== Segment start ==
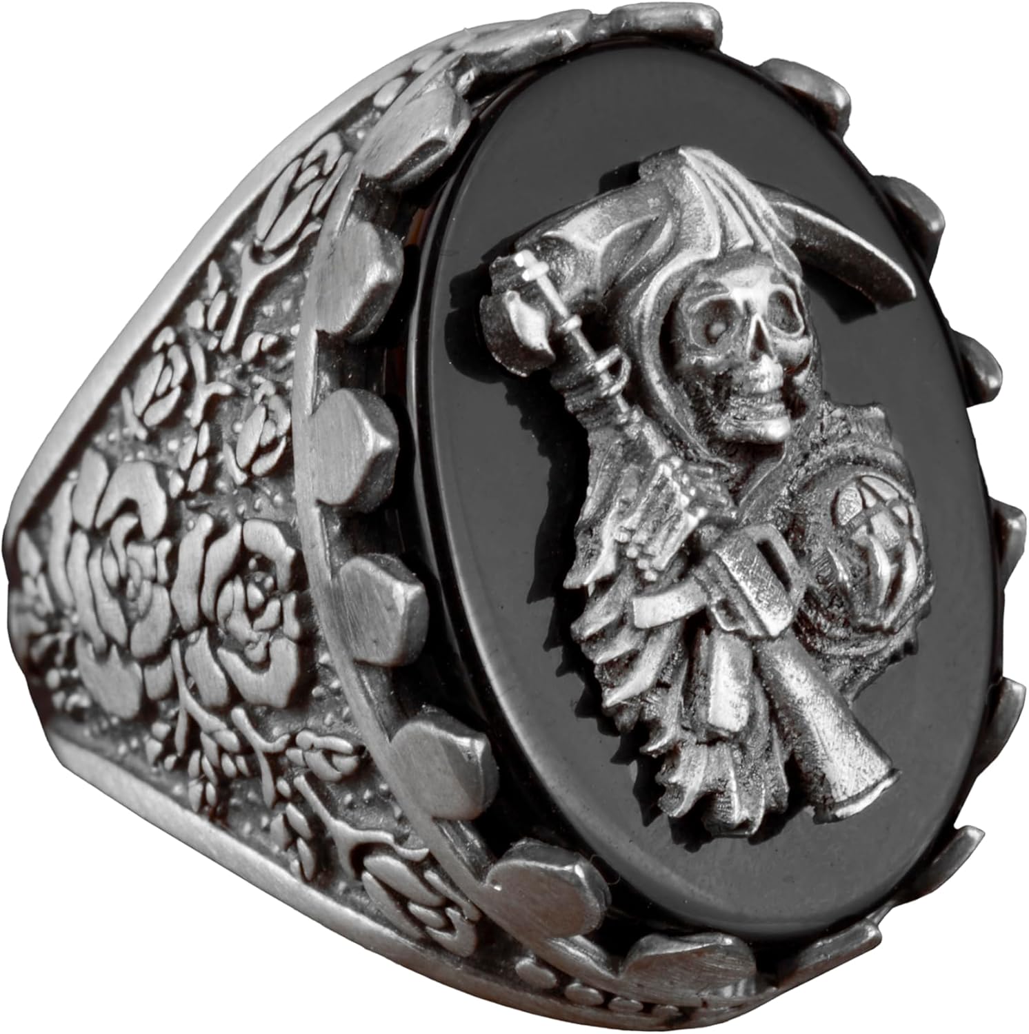 925 Ayar Gümüş Yüzük, Gerçek Doğal Taş Yüzük, Grim Reaper Yüzüğü
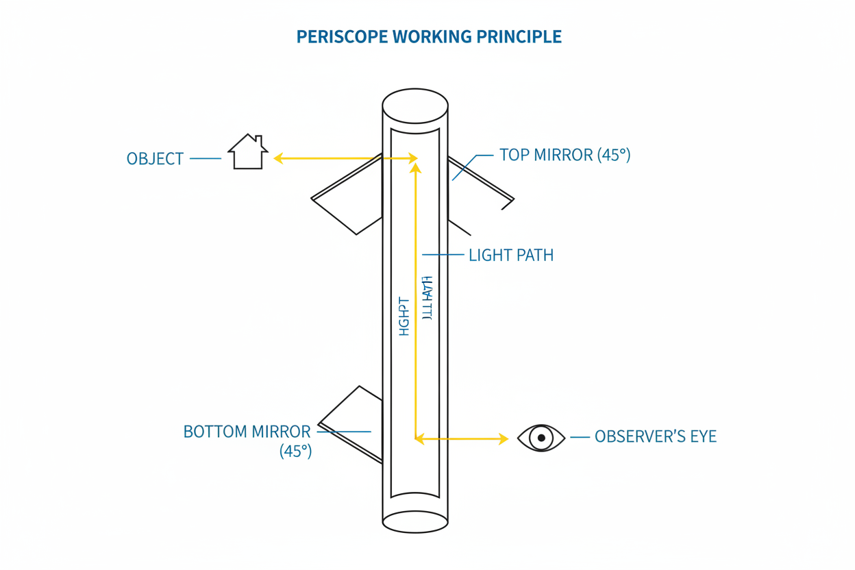 Periskopun çalışma prensibi, ışığın yansıması kuralına dayanan zarif bir sadeliğe sahiptir. Karmaşık gibi görünse de temel mantığı oldukça anlaşılırdır. Işığın gözümüze ulaşana kadar izlediği yol, birkaç temel adımdan oluşur:
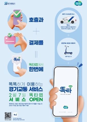 경기도와 경기교통공사는 7일 수요응답형 버스(DRT), 공유 개인형 이동장치(PM) 등 교통수단의 호출은 물론 예약과 결제를 애플리케이션(앱) 하나로 해결하는 통합교통플랫폼 ‘똑타’를 출시한다고 6일 밝혔다.
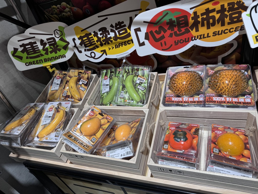 被“UHOU 哟吼”吸引进内的,必定是店中一个巨型“煎pan鸡蛋”装置 ! 店内还有一篮篮的红萝卜、大葱、香蕉、榴莲等,貌似一间蔬果店,实情所有食材,均是一件件软腍腍的减压玩具,可以随意搓圆㩒扁,抒发一日的工作压力,兼且玩味十足。
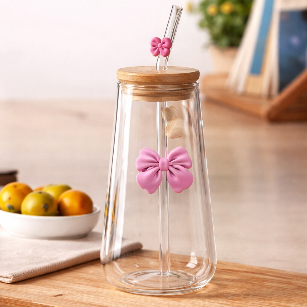 كوب زجاجي بتصميم مموج أنيق، مزين بفيونكة بلون عشوائي يضيف لمسة حيوية ومفاجأة جميلة مع كل قطعة. يأتي مع غطاء خشبي محكم وشفاطة قابلة لإعادة الاستخدام، ليكون مثالياً للعصائر، القهوة الباردة، السموذي والمشروبات اليومية.
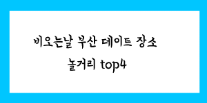 비오는날 부산 데이트 장소 놀거리 top4에 대해서 알려 드리겠습니다. 비오는 날 데이트는 생각보다 쉽지가 않습니다. 보통 실내에서 자주 놀기 때문에, 실내 위주로 선정했습니다. 주차장 정보도 포함해서 알려 드리겠습니다. 비오는날 부산 …
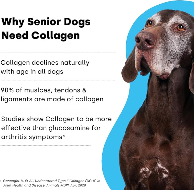 - Help Senior Dog with Aging Pain - This is a great senior dog supplement. Collagen is a crucial protein for older dogs as it helps rebuild whereas many joint supplements only help with inflammation.
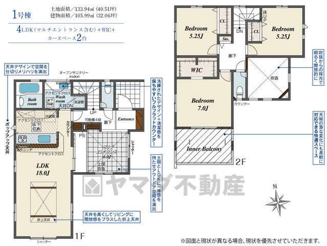 LDK18畳(1F)、その他6畳(1F)、洋5.2畳(2F)、洋7畳(2F) |
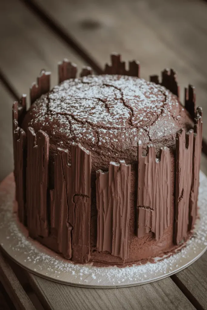 - Decorate: Spread ganache over cake, drag fork through to make bark texture. Chill to set.
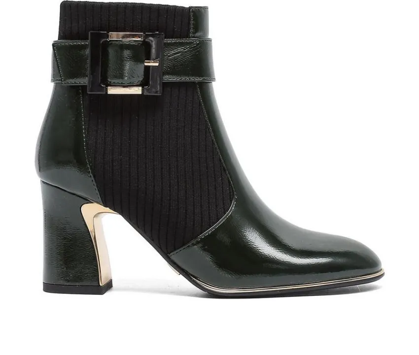 Chic and bold, these ankle boots stand out with polished details and a versatile silhouette. The man-made upper is styled with a rounded toe and accented by a decorative ankle strap and buckle. A block heel adds stylish lift, while the short shaft and inside zipper make them easy to wear day or night.
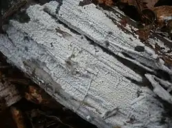 Despite its morphological simplicity, members of Atheliaceae vary widely in terms of ecological strategies. A number of species are known to be saprotrophs of needle and leaf litter, while some species of Amphinema, Byssocorticium, Piloderma, and Tylospora are ectomycorrhizal symbionts. They sometimes constitute a major component of the mycorrhizal communities.[12] Subsequently, parasitism has been observed in Athelia arachnoidea, which targets lichens.[13] Lichen formation has been suggested to occur in Athelia epiphylla, which is also associated with the white rot of Populus tremuloides.[14] A species of Athelia also engaged in a symbiotic relationship with termites of the genus Reticulitermes, in which the fungus forms sclerotia that mimic termite eggs and worker termites handling the sclerotia as if they were eggs. The presence of the sclerotia in the nest appears to enhance egg viability, while the fungus might be dispersed to new substrates.[15][16]
== Segment end ==
- **YOUR OBJECTIVE**
In the entries above, every line from the line with "LDK18畳(1F)、その他" to the line with "Chic and bold, these" is to be printed exactly, with both ends included and pictures excluded.

- **RESPONSE FOR THIS EXERCISE**
 LDK18畳(1F)、その他6畳(1F)、洋5.2畳(2F)、洋7畳(2F) |
 - Decorate: Spread ganache over cake, drag fork through to make bark texture. Chill to set.
 Chic and bold, these ankle boots stand out with polished details and a versatile silhouette. The man-made upper is styled with a rounded toe and accented by a decorative ankle strap and buckle. A block heel adds stylish lift, while the short shaft and inside zipper make them easy to wear day or night.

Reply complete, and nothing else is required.